The first part of Ofcom's strategy is to promote the rollout of fibre lines. To ensure this happens, the regulator has told Openreach it must open up its telegraph poles and underground ducts, allowing competitors to build their own infrastructure and supply more UK homes and businesses. Openreach has been legally required to open its ducts since 2009 but has seen little take-up. However, Ofcom insists that a "digital map" must be created so rivals can identify areas for improvement and invest in their own "advanced networks."

Although BT has avoided a split, there will be changes to how it interacts with Openreach. The broadband arm will still operate as a division of BT Group, but it will now need to do so more independently.

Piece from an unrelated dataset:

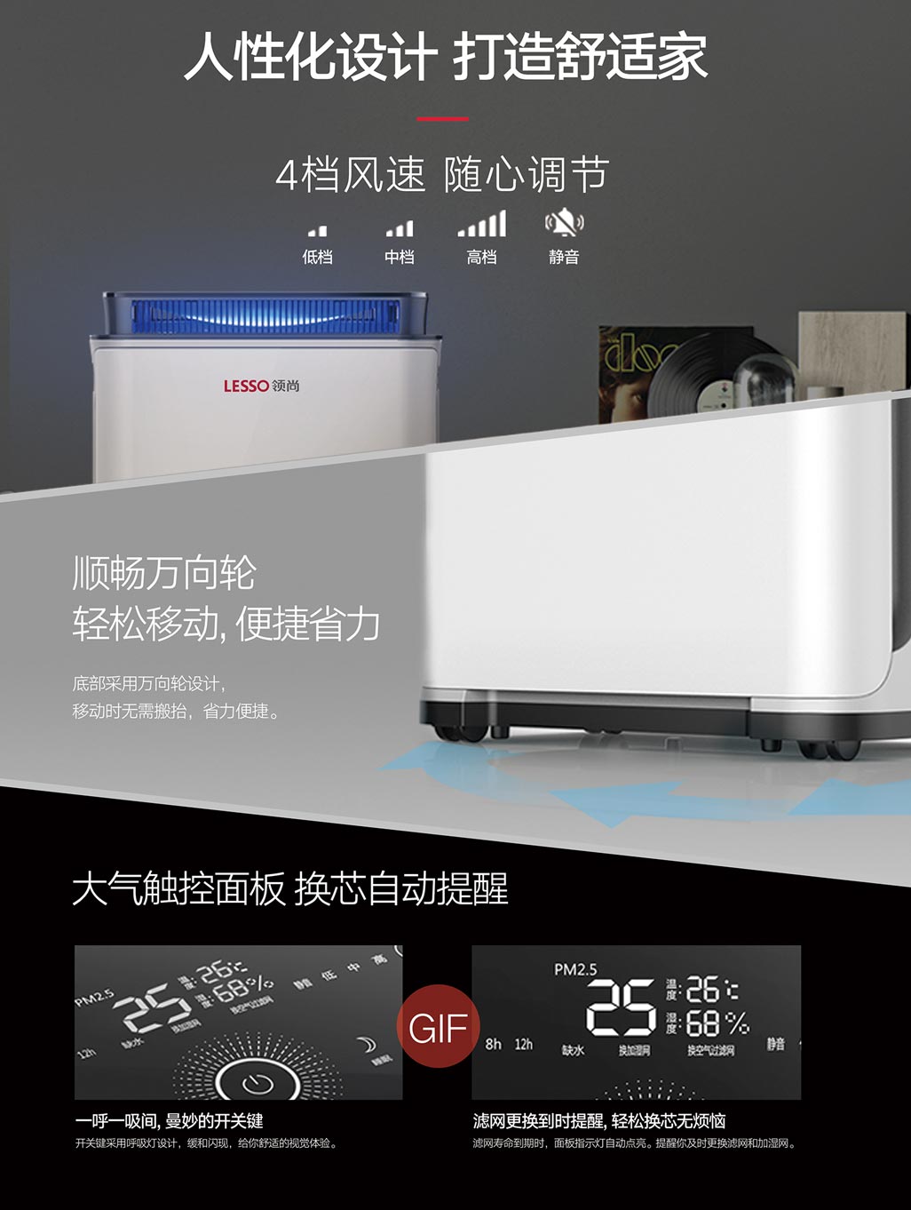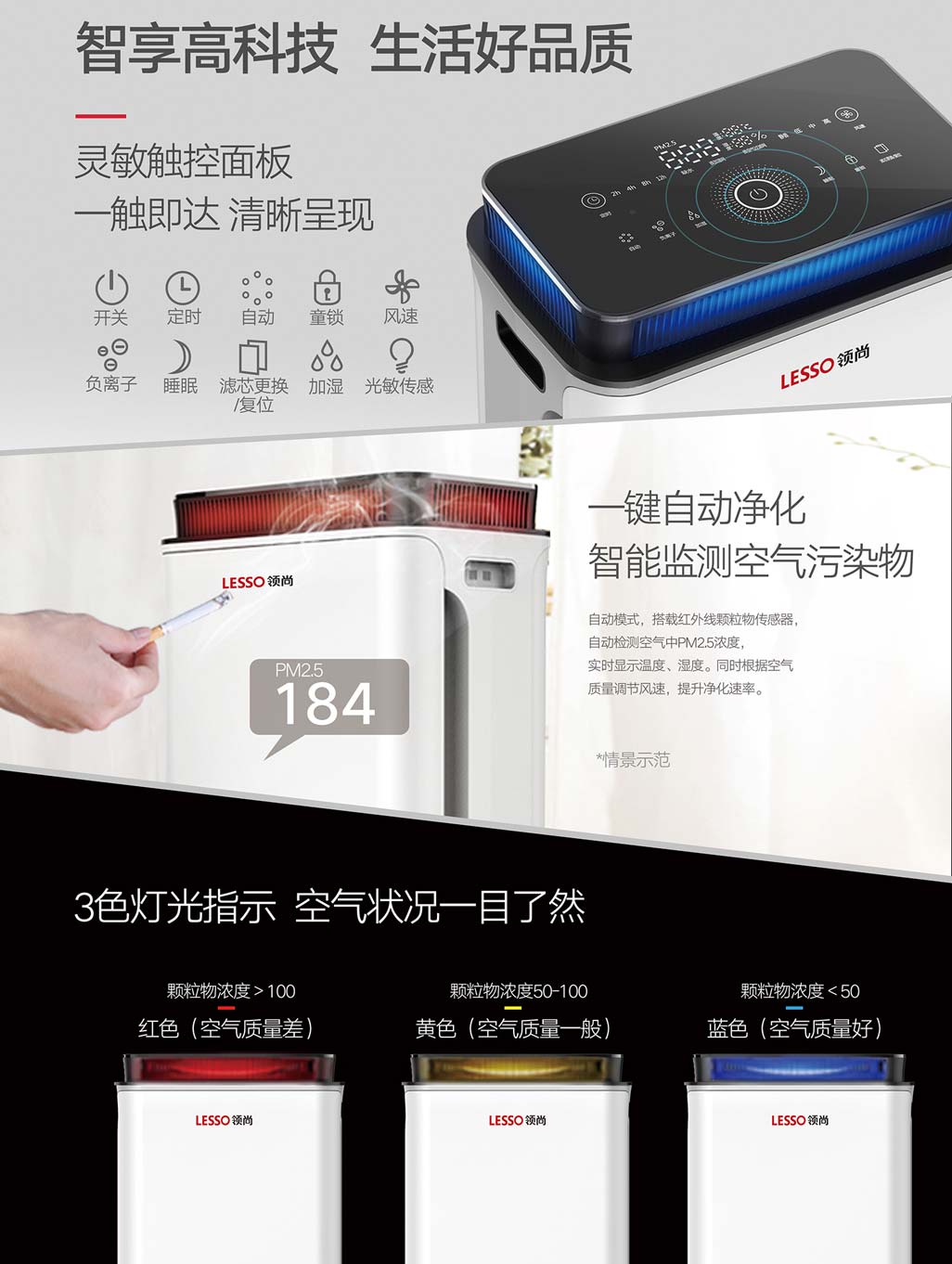 智能觸控,輕松切換各種凈化模式,智能溫潤加濕
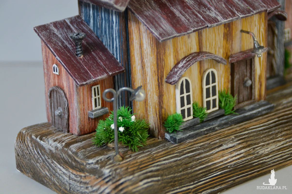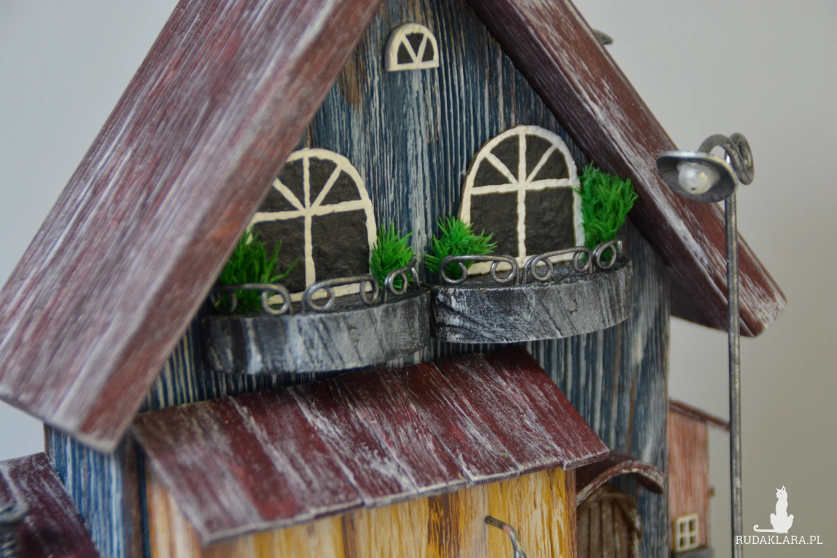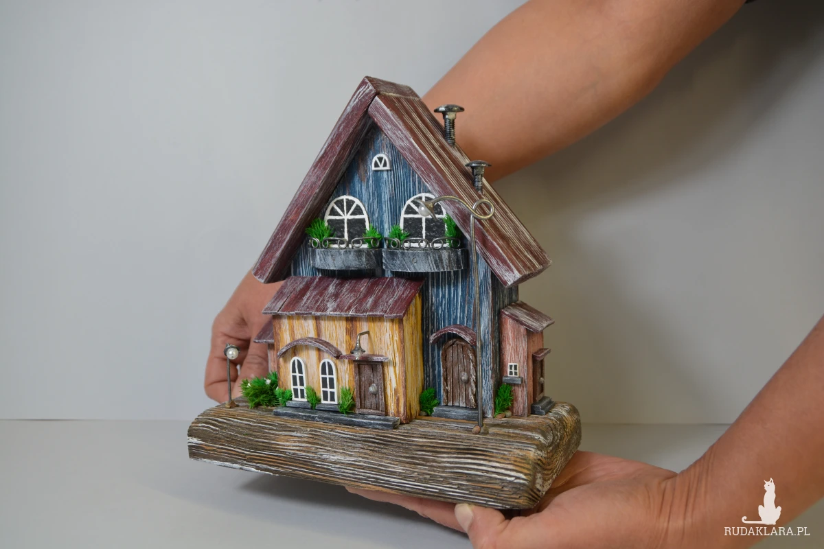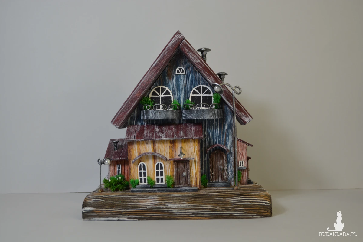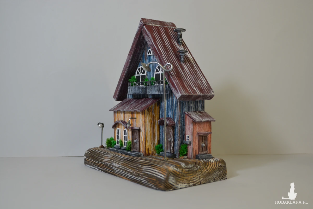 Ten ręcznie wykonany domek z drewna to wyjątkowa dekoracja, która wprowadza ciepły, bajkowy klimat do każdego wnętrza. Starannie wykonany z naturalnych materiałów, ozdobiony drobnymi detalami – okienkami, balkonami i mini roślinkami. Idealny jako ozdoba półki, komody czy parapetu. Świetny pomysł na prezent dla miłośników natury i stylu rustykalnego.

Ofcom says Openreach will now need to "take its own decisions on budget, investment and strategy," instead of being governed by financiers at BT Group. That could mean it becomes a "wholly-owned subsidiary" but Ofcom could also spin out Openreach in the future if it deems necessary.

Sky, of course, is happy about that: "Ofcom's actions today are not the end of the debate but a staging post towards delivering the network and service that Britain needs. We believe the simplest and most effective way to fix the current broken market structure is for Openreach to be completely independent. We are pleased to see that separation is still on the table."

With Openreach's governance and infrastructure covered, Ofcom has also laid out plans to improve Openreach's level of service. First, Ofcom will impose tougher rules on how it repairs faults, but also ensure it installs new lines more quickly. Customers will be entitled to automatic compensation when things don't work, incentivizing Openreach to identify and patch issues so it doesn't lose money.

BT has talked up its position as one of the leading broadband operators in Europe and welcomed Ofcom's decision not to split the two companies. "Openreach is already one of the most heavily regulated businesses in the world but we have volunteered to accept tighter regulation to bring matters to a clear and speedy conclusion," it said in a statement.

"A great deal of what they are proposing is already in place and we are open to discussions about how the current rules can be amended and updated. A voluntary, binding settlement is in everyone's interests and we will work hard to ensure one is reached."